With modern web services, users expect applications to be available 24/7, and developers expect to deploy new versions of those applications several times a day. Containerization helps package software to serve these goals, enabling applications to be released and updated in an easy and fast way without downtime. Kubernetes helps you make sure those containerized applications run where and when you want and helps them find the resources and tools they need to work.

It has a number of features. It can be thought of as:
• a container platform
• a microservices platform
• a portable cloud platform and a lot more.

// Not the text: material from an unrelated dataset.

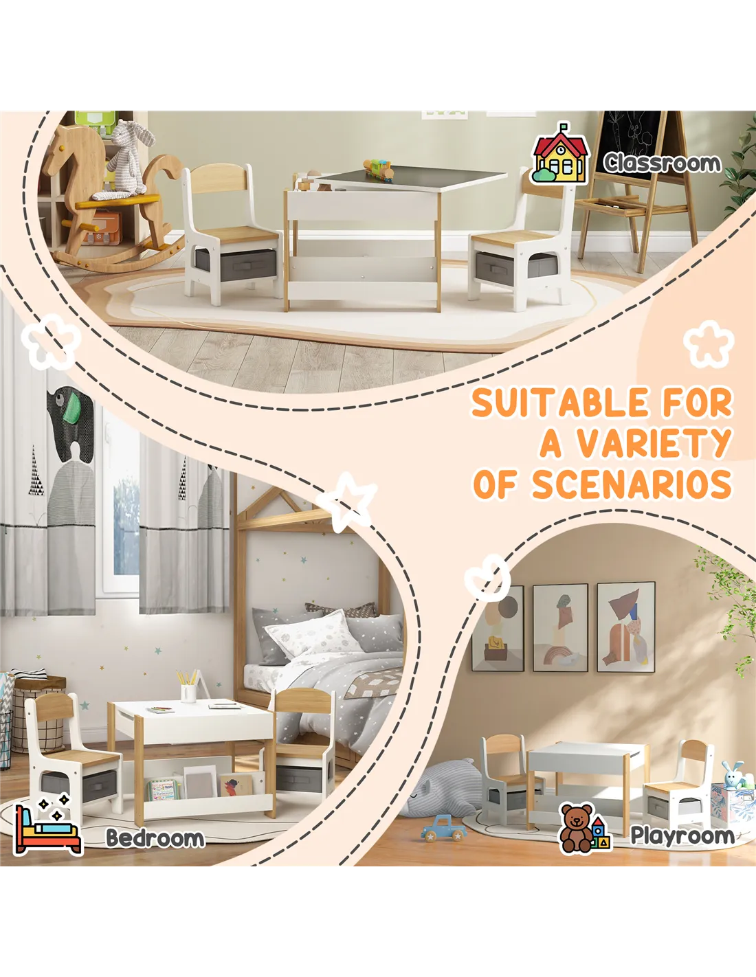- Includes two chairs and a table, suitbable for young children's spaces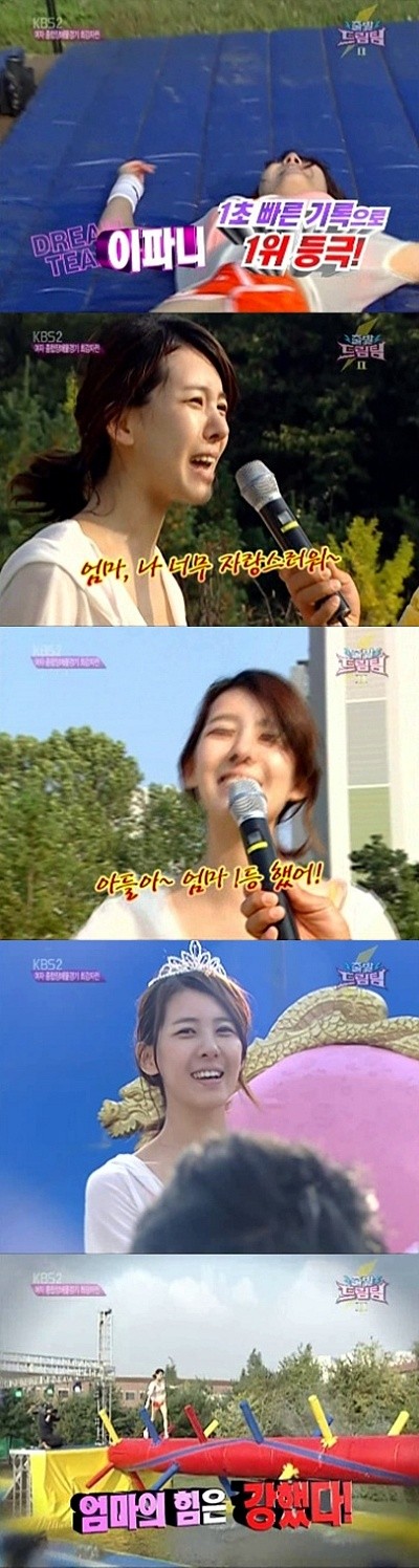 31일 오전 방송된 KBS2 ‘출발 드림팀’에서는 연예계 대표 여걸 20명의 ‘종합장애물 5종경기’가 펼쳐졌다.이날 이파니는 핸드볼 선수 출신에 무에타이로 다져진 운동 신경을 바탕으로 모두의 기대를 깨고 58초48이라는 놀라운 기록으로 우승을 차지했다. '운동돌' 시크릿의 전효성을 1초 차로 누르고 ‘여왕 자리’에 등극했다.

Kubernetes provides a container-centric management environment. It orchestrates computing, networking, and storage infrastructure on behalf of user workloads. This provides much of the simplicity of Platform as a Service (PaaS) with the flexibility of Infrastructure as a Service (IaaS) and enables portability across infrastructure providers.

Why Containers?

Agile application creation and deployment: Increased ease and efficiency of container image creation compared to VM image use.
Continuous development, integration, and deployment: Provides for reliable and frequent container image build and deployment with quick and easy rollbacks (due to image immutability).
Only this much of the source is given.